Un-repaid payroll advances. This is a passive fraud. An employee requests a payroll advance but doesn’t pay it back. This is easiest to execute when the accounting staff records the advance as an expense rather than charging it as a balance sheet item, or never monitors for repayment, eventually forgetting the advance was issued.
Payroll fraud is especially frustrating because it’s preventable. Even small businesses can implement simple internal controls that can reduce the likelihood of this type of theft. The best measure is a simple review of the payroll reports after payroll has been approved and processed to verify payee names, rates of pay, hours and deductions are appropriate. Additional controls include:
- Separate payroll set-up, approval, and processing functions.
- Require employees to take mandatory vacation time.
- Cross train and rotate job duties of employees in payroll and human resources.

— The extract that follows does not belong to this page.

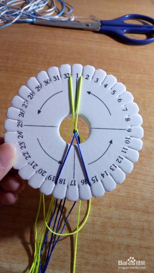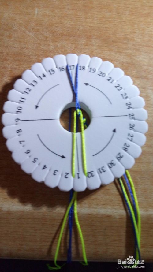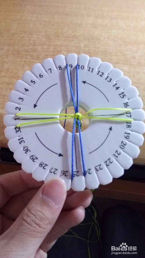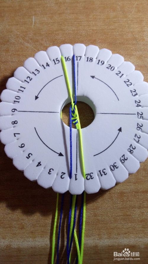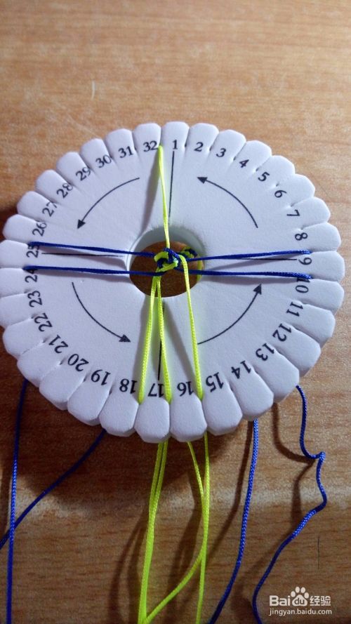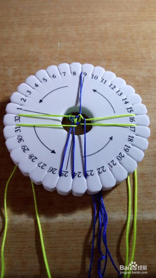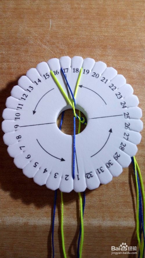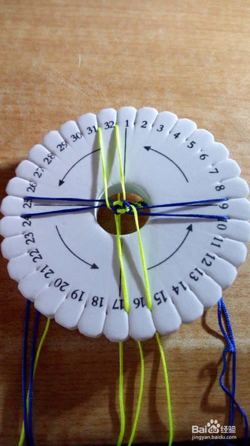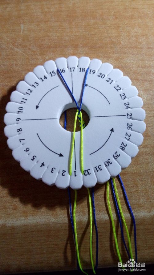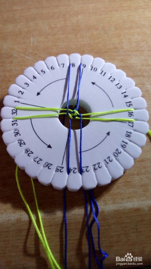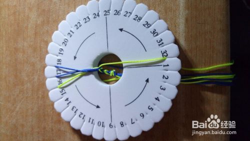 如图所示,将八根线两两分别卡在编织器上。从“2”处开始将两根线中右处的线卡在下方两根线的右侧,再将下方左侧的线卡在上方线的左边,呈逆时针方向重复操作。

- Implement a direct-deposit system for payroll and bonuses.
- Require managers to approve timesheets and overtime requests.
- Review bank statements and cancelled checks each month, making sure the payee matches the entry in QuickBooks.
- Establish a zero-tolerance policy for fraud and prosecute violators to set an example.
Payroll fraud is a costly and potentially devastating crime because very often payroll is a company’s most significant expense. To reduce the likelihood of insider theft, employers should stay up to date on who in the organization is being paid and how much is authorized. It’s critical to keep a close eye on money in and money out to disrupt fraud and prosecute the perpetrator.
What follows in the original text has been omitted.